Today, solar supplies just two percent of the world’s electricity and even though it might look like solar power could keep on growing exponentially, its rise could very well hit a ceiling, flattening out in coming decades, far before it unseats dominant fossil fuels. In Europe, we’re already seeing this slowdown, and if that happens on a global scale, the solar revolution could sputter out. Preventing that is the point of my new book, Taming the Sun. I argue that three types of innovation are needed to unlock Solar’s full potential.

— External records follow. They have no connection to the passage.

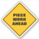Funny classic yellow diamond caution road sign warns of piece work ahead in a thick black sans serif font. Perfect for someone working on a production line or who does a repetitive job.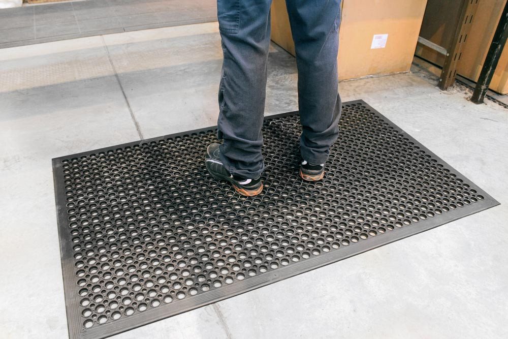 ∙ Ergonomiearbeitsplatzmatte aus SBR/NBR-Gummi mit durchbrochener Oberfläche ∙ Vielseitig einsetzbar ∙ Rutschhemmung R10 nach EN 13552 ∙ Materialstärke 12,5 mm ∙ 25 % Nitrilgummianteil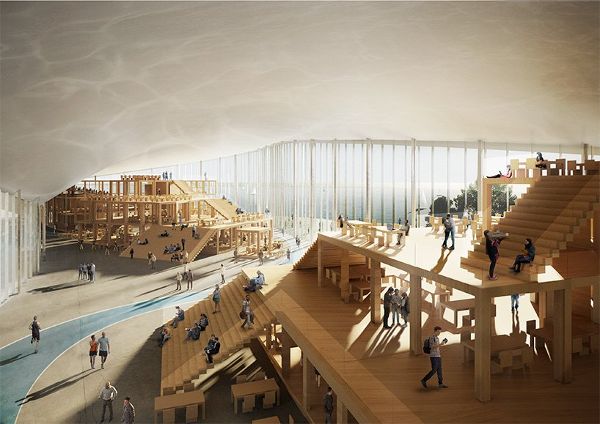 MADMA的提案获得了Mecanoo设计的亚军,该提案将项目的主要学习设施设置在北部,生活和娱乐设施设置在南部。学习设施包含在交叉层压木材建筑模块中,包括主教育中心、接待馆、运动厅、餐厅、图书馆和创意馆。从这里开始,一个巨大的楼梯向着湖泊延伸,在湖边的公共广场上可以看到一个漂浮的舞台。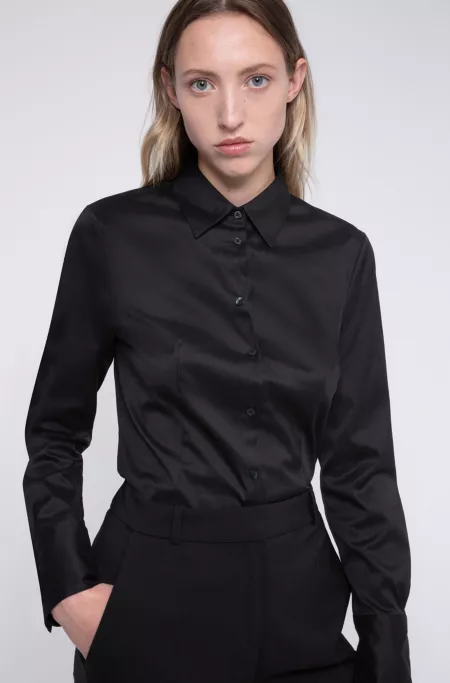 Oversized-fit blouse in cotton canvas with embroidered logo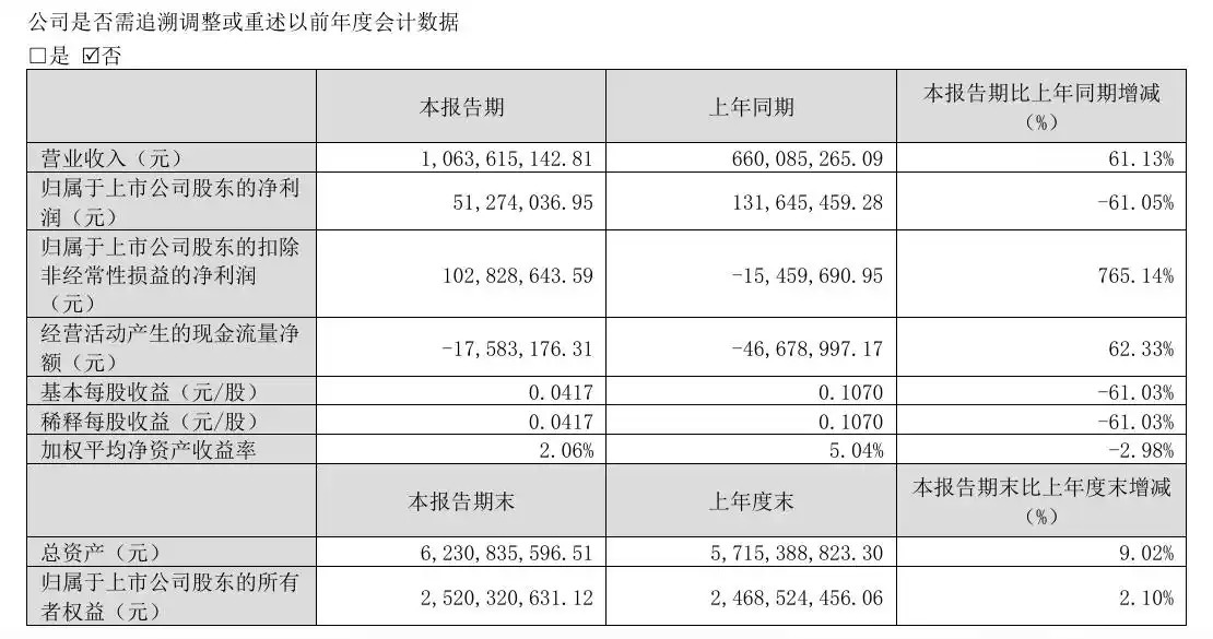 通鼎互联表示,公司一季度营业收入和营业成同比增加主要系本期受市场行情影响,光纤量价齐升,以及本期新增并表子公司和本机电所致。公司经营活动产生的现金流量净额(净流出)较上年同期下降62.33%,主要原因是本期新增并表子公司和本机电,经营活动产生的现金流量整体向好。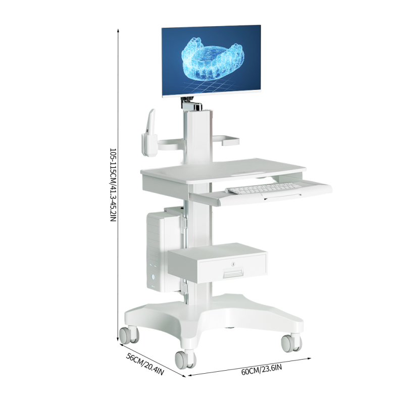 Medizinischer Wagen mit abschließbaren Schubladen, einstellbarer Höhe und einem pneumatischen Arm, der freie Bewegung mit Drehung in alle Richtungen ermöglicht, komplett mit einem Halter für einen Intraoralscanner.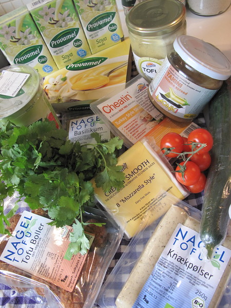 Тофу с базиликом, тофушарики, «куриная» колбаса, тофусиски. Очень хорошие (в смысле органические) помидоры, огурец и кинза (во всех смыслах хорошая) из Рейндирки. Уже упоминавшаяся выше сезамовая паста тахини — справа сверху.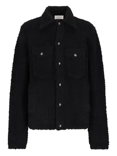 black button fastening two chest pockets spread collar long sleeves straight hem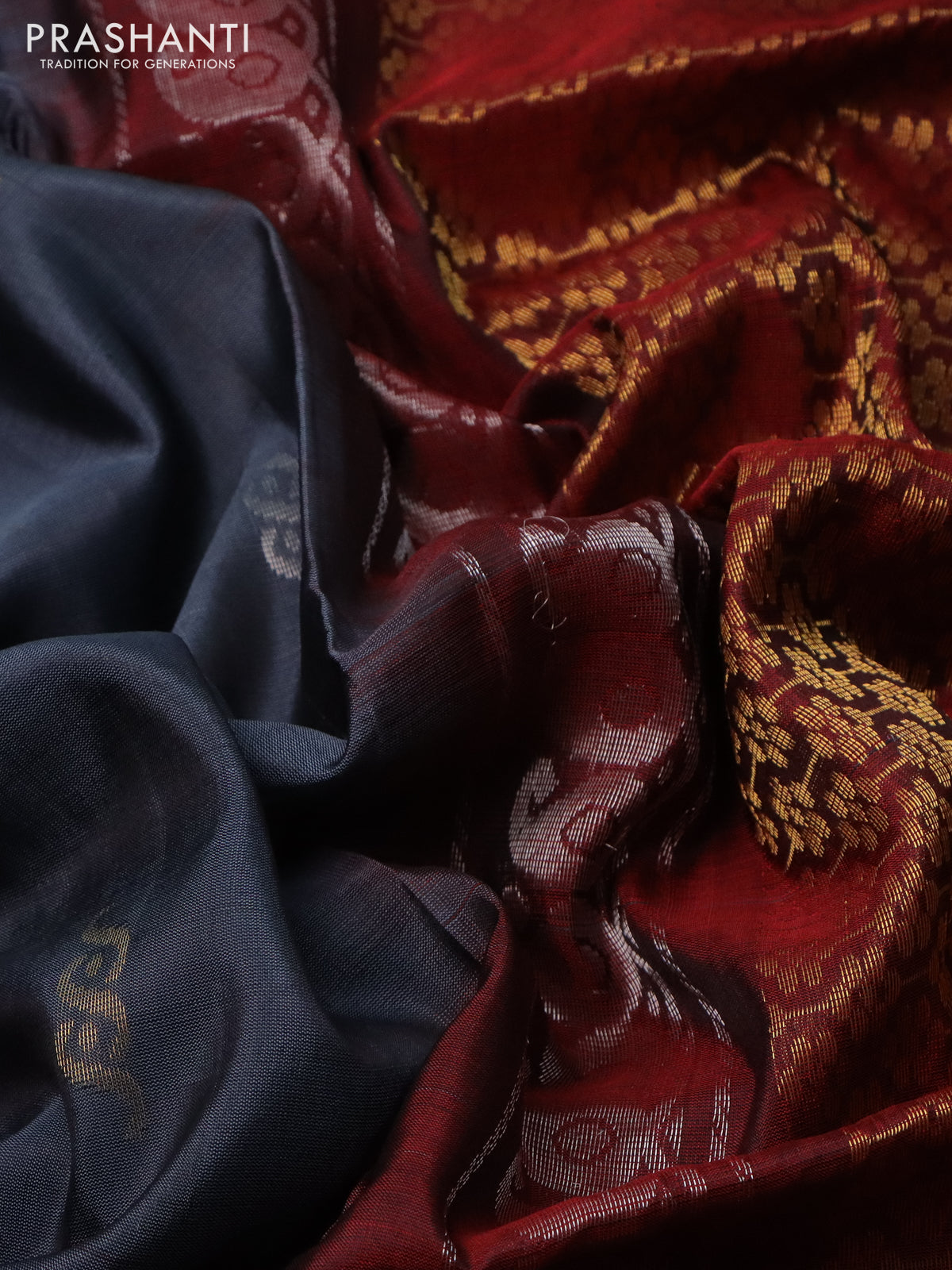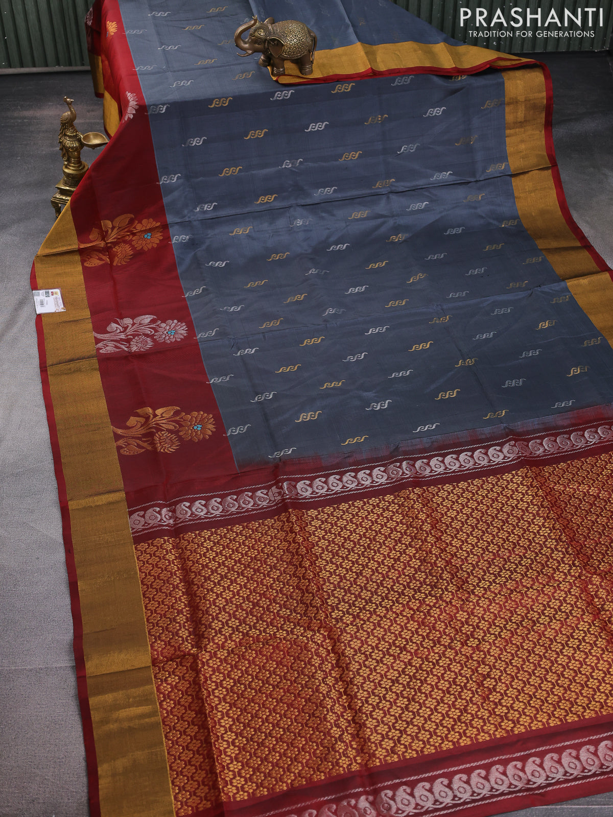 Pure uppada silk saree grey and maroon with silver & gold zari woven buttas and zari woven border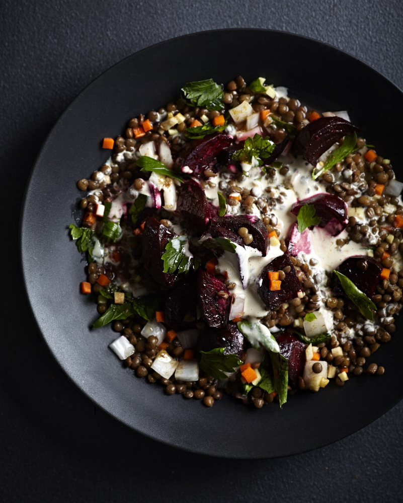 This recipe has a lot of components (although you can make several of them ahead of time). You’ll need to cook the Lentils for Salads component, make a tahini sauce, then a vinaigrette, and finally the beet and lentil salad itself. To make the recipe easier to follow and to reflect the order in which you’d probably cook it, we’ve done some rearranging. The resulting salad, according to Romero, is “pure beet bliss.”

The first innovation is financial. Right now, solar needs to attract trillions of dollars to fuel its rise but so far, the world’s most deep-pocketed investors have largely sat on the sidelines. So, the solar industry needs to take a page out of the playbook from the fossil fuel, automobile, and mortgage industries, and bundle together solar projects, so big institutional investors feel comfortable buying and trading them. I’m pretty confident the industry will figure that one out. But just as soon as solar gets over that funding speed bump, it could run into a much more serious obstacle, known as value deflation.
See, all this investment will help the industry produce and deploy more solar panels, driving down the cost of building a new solar project. That’s the good news. But the bad news is that the value of the electricity produced by solar will plunge even faster. As more solar panels come online, they’ll flood the grid with power in the middle of the day, but shut off when the sun sets. Even though customers will need power during dinnertime, the next solar panel will just feed them more lunchtime power. That’s not very valuable. Soon, the value will fall below the cost, so it won’t make economic sense to install any more solar panels.
That will halt the momentum of solar’s rise. Overcoming this barrier starts with technological innovation. Breakthroughs in solar technology could cause the cost of solar to plunge, enabling more solar to be deployed economically. Next-generation technologies, such as perovskites, already exist in laboratories. They could transform today’s heavy, rigid, and frankly ugly solar panels into lightweight, flexible, and colorful coatings that tomorrow could cover cityscapes around the world.
Additionally, developing advanced solar thermal plants could convert the sun’s energy into heat, and use that heat to generate power 24/7, rather than just at lunchtime. And one day, artificial leaf technology could even harness sunlight to make portable fuels, finally making oil obsolete. Still, even with these two types of innovation, solar will need a third to limit the decline of its value as more of it’s deployed.
This would be systemic innovation, which includes things like Continent-spanning power grids that link sun-drenched deserts to power-hungry cities; Energy markets that pay for energy storage and flexible generators to smooth out the volatile swings of solar power;
Smart software that can turn electric vehicles into mobile batteries to resupply the grid once the sun goes down. These innovative energy systems would preserve solar’s value by making sure that solar power can be used no matter when it’s produced or how it fluctuates. Promoting all three kinds of innovation will require urgent investments by governments all around the world.